Post by spikerobinson »

I am wondering if it's actually the Intel microcode fixes for Meltdown/Spectre that are causing the problem on some classes of wifi cards.
I am using the generic 'wl' driver (I think), hence the title of my post.

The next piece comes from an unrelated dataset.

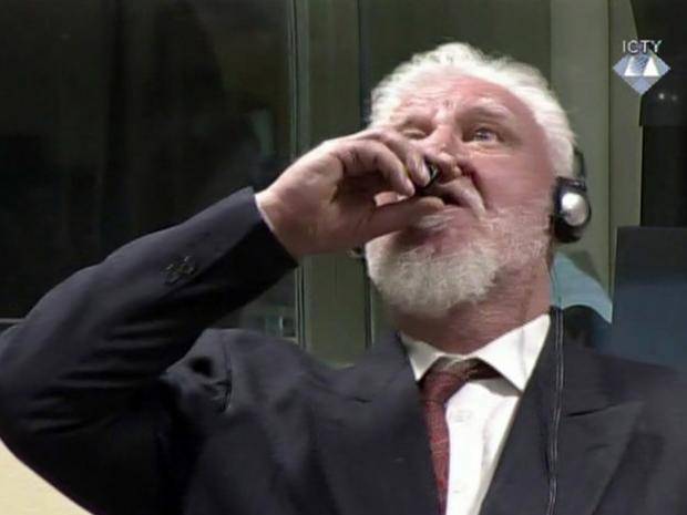 A former Bosnian Croat military commander swallowed what he said was poison in a U.N. war crimes courtroom on Wednesday and died shortly after losing an appeal against his 20-year prison term.

Still that would be unfortunate, if I have to choose either to have Meltdown/Spectre protection or working wifi. :(
spikerobinson

Re: Generic WiFi failures

Post by spikerobinson »

JeremyB wrote:The newest 4.4 and 4.13 kernels have the patches but the code in bcmwl-kernel-source is not yet patched to work with the 4.13 in the Ubuntu Xenial repos. The 4.4 kernel is the only long term support kernel for Linux Mint 18
Thank you, super informative and helpful!
As 4.4 - 4.10 are working for me for now I will stick with those until 4.13 is patched. And rollback to 4.4 I suppose for Meltdown and Spectre protection.
spikerobinson

Re: Generic WiFi failures

Post by spikerobinson »

spikerobinson wrote: I am using the generic 'wl' driver (I think), hence the title of my post.
Nope, I am using the mcmwl-kernel-source (recommended) driver.